• **COLLECTED MATERIAL**
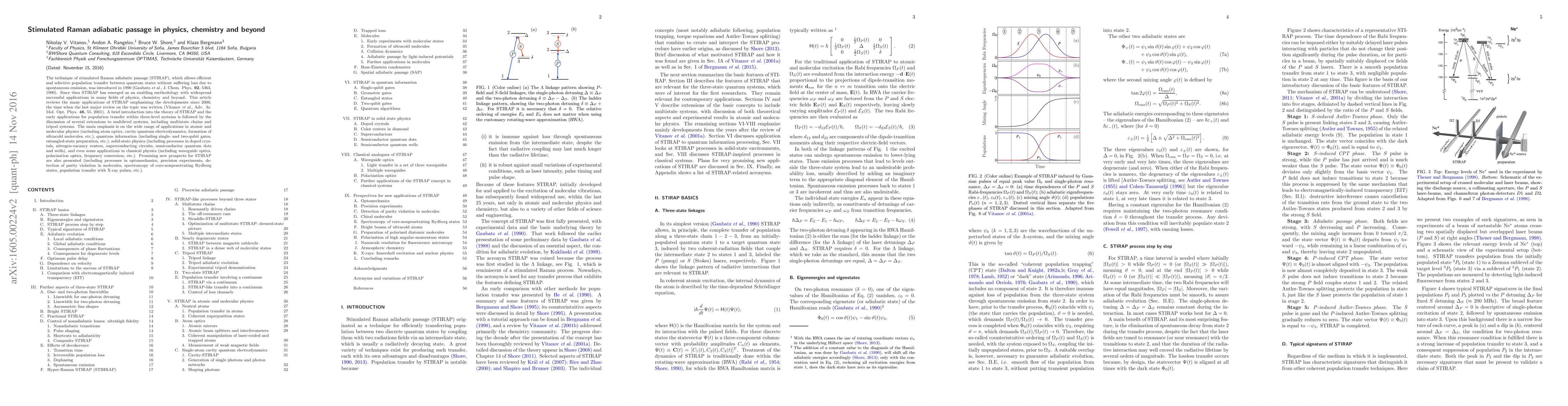 The technique of stimulated Raman adiabatic passage (STIRAP), which allows efficient and selective population transfer between quantum states without suffering loss due to spontaneous emission, was introduced in 1990 (Gaubatz \emph{et al.}, J. Chem. Phys. \textbf{92}, 5363, 1990). Since then STIRAP has emerged as an enabling methodology with widespread successful applications in many fields of physics, chemistry and beyond. This article reviews the many applications of STIRAP emphasizing the developments since 2000, the time when the last major review on the topic was written (Vitanov \emph{et al.}, Adv. At. Mol. Opt. Phys. \textbf{46}, 55, 2001). A brief introduction into the theory of STIRAP and the early applications for population transfer within three-level systems is followed by the discussion of several extensions to multi-level systems, including multistate chains and tripod systems. The main emphasis is on the wide range of applications in atomic and molecular physics (including atom optics, cavity quantum electrodynamics, formation of ultracold molecules, precision experiments, etc.), quantum information (including single- and two-qubit gates, entangled-state preparation, etc.), solid-state physics (including processes in doped crystals, nitrogen-vacancy centers, superconducting circuits, etc.), and even some applications in classical physics (including waveguide optics, frequency conversion, polarization optics, etc.). Promising new prospects for STIRAP are also presented (including processes in optomechanics, detection of parity violation in molecules, spectroscopy of core-nonpenetrating Rydberg states, and population transfer with X-ray pulses).
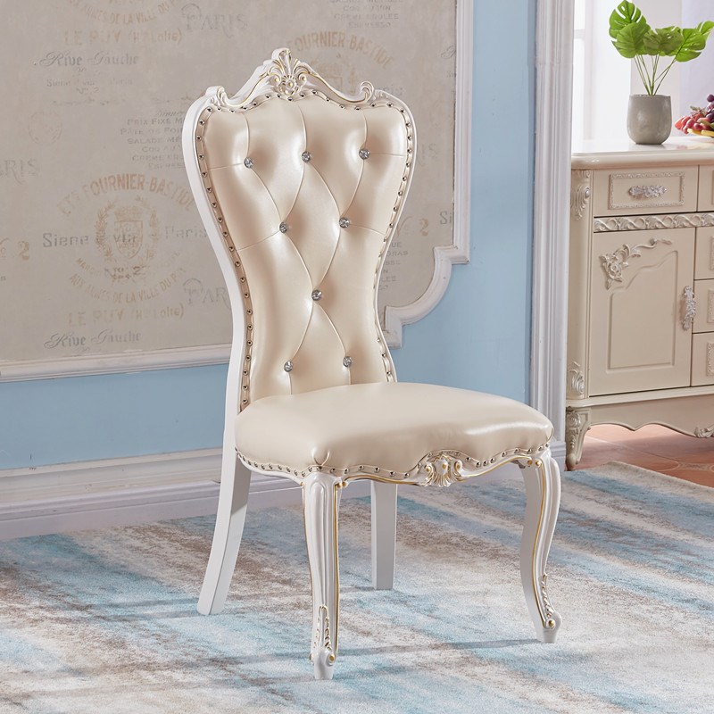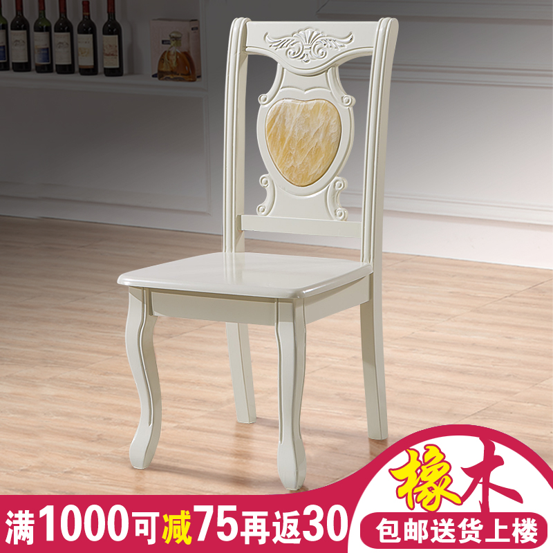 欧式椅子靠背凳家用中式橡木雕花餐桌椅现代简约餐厅白色实木餐椅
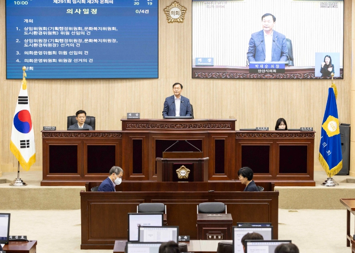 ▲ 안산시의회 의원들이 9대 후반기 의회 출범을 알리는 소통 행보를 시작했다. 제291회 안산시의회 임시회 제2차 본회의 |

• **DIRECTIONS**
Return the listing verbatim, pictures excluded.

• **ANSWER SPACE**
 The technique of stimulated Raman adiabatic passage (STIRAP), which allows efficient and selective population transfer between quantum states without suffering loss due to spontaneous emission, was introduced in 1990 (Gaubatz \emph{et al.}, J. Chem. Phys. \textbf{92}, 5363, 1990). Since then STIRAP has emerged as an enabling methodology with widespread successful applications in many fields of physics, chemistry and beyond. This article reviews the many applications of STIRAP emphasizing the developments since 2000, the time when the last major review on the topic was written (Vitanov \emph{et al.}, Adv. At. Mol. Opt. Phys. \textbf{46}, 55, 2001). A brief introduction into the theory of STIRAP and the early applications for population transfer within three-level systems is followed by the discussion of several extensions to multi-level systems, including multistate chains and tripod systems. The main emphasis is on the wide range of applications in atomic and molecular physics (including atom optics, cavity quantum electrodynamics, formation of ultracold molecules, precision experiments, etc.), quantum information (including single- and two-qubit gates, entangled-state preparation, etc.), solid-state physics (including processes in doped crystals, nitrogen-vacancy centers, superconducting circuits, etc.), and even some applications in classical physics (including waveguide optics, frequency conversion, polarization optics, etc.). Promising new prospects for STIRAP are also presented (including processes in optomechanics, detection of parity violation in molecules, spectroscopy of core-nonpenetrating Rydberg states, and population transfer with X-ray pulses).
 欧式椅子靠背凳家用中式橡木雕花餐桌椅现代简约餐厅白色实木餐椅
 ▲ 안산시의회 의원들이 9대 후반기 의회 출범을 알리는 소통 행보를 시작했다. 제291회 안산시의회 임시회 제2차 본회의 |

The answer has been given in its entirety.